Menurut Kang Emil, sapaan Ridwan Kamil, ada 63 persen wilayah Jabar yang memungkinkan untuk relaksasi atau pelonggaran PSBB. Sedangkan 37 persen wilayah lainnya masih perlu diwaspadai karena pergerakan data COVID-19 di daerah tersebut belum dinilai aman.

"Hasil PSBB Jabar, ternyata yang harus diwaspadai 37 persen, sehingga 63 persennya bisa kita relaksasi. Sehingga ekonomi kami bisa normal di 63 persen," kata Kang Emil di Gedung Pakuan, Kota Bandung, Rabu (13/5).

Hasil evaluasi satu pekan pemberlakuan PSBB Tingkat Provinsi menunjukkan hasil yang positif. Hal itu merujuk data jumlah pasien COVID-19 di rumah sakit yang mengalami penurunan. Dari rata-rata 430 pasien pada April menjadi 350 pasien.

Tingkat kematian juga dilaporkan turun. Dari rata-rata 7 pasien meninggal dunia per hari menjadi 4 pasien. Sementara tingkat kesembuhan naik hampir dua kali lipat. PSBB Jabar sendiri diberlakukan pada Rabu (6/5) selama 14 hari.

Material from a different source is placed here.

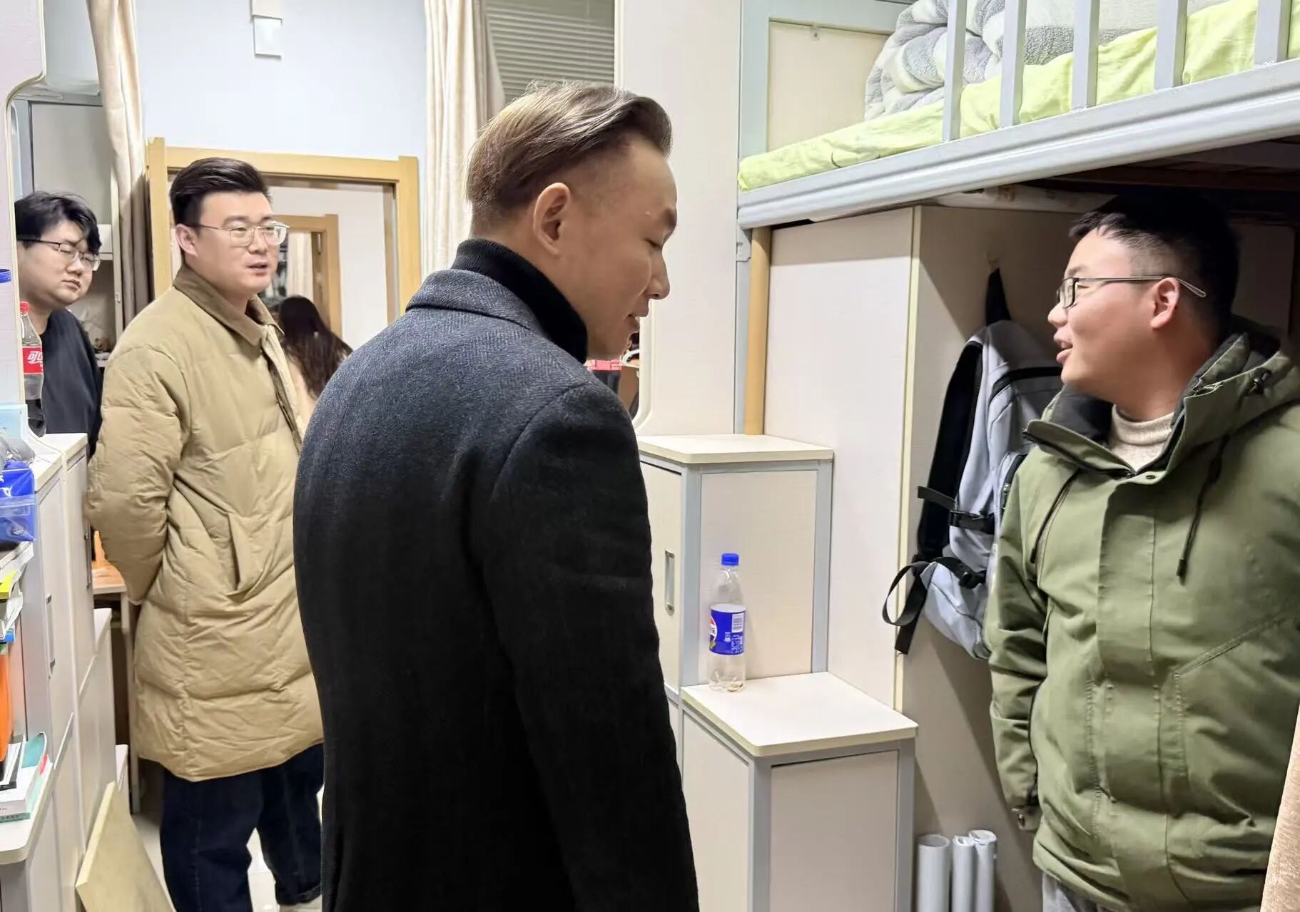 走访过程中,学院领导与辅导员走进学生宿舍,与同学们亲切交谈、嘘寒问暖,详细了解大家的返程情况、假期生活安排、实践经历、就业情况及新学期学习规划,认真倾听同学们在学习、生活上的意见和需求,对大家返校后的精神面貌给予肯定。

Kang Emil mengatakan, rata-rata penambahan kasus COVID-19 di Jabar memperlihatkan grafik menurun. Jika grafik tersebut konsisten melandai, maka Pemda Provinsi Jabar sudah dapat mengendalikan COVID-19. Dengan begitu, relaksasi dapat dilakukan dan kegiatan ekonomi sudah mulai bisa digerakan.

"Bulan lalu kasus per hari 40-an. Minggu lalu menjadi 28, sekarang 21. Kalau minggu depan konsisten berada di bawah 20, kami akan mendefinisikan (Covid-19) terkendali, sehingga tinggal ditesting dan dilacak. Ekonomi pun berjalan dengan jaga jarak dan protokol kesehatan," ucap Kang Emil.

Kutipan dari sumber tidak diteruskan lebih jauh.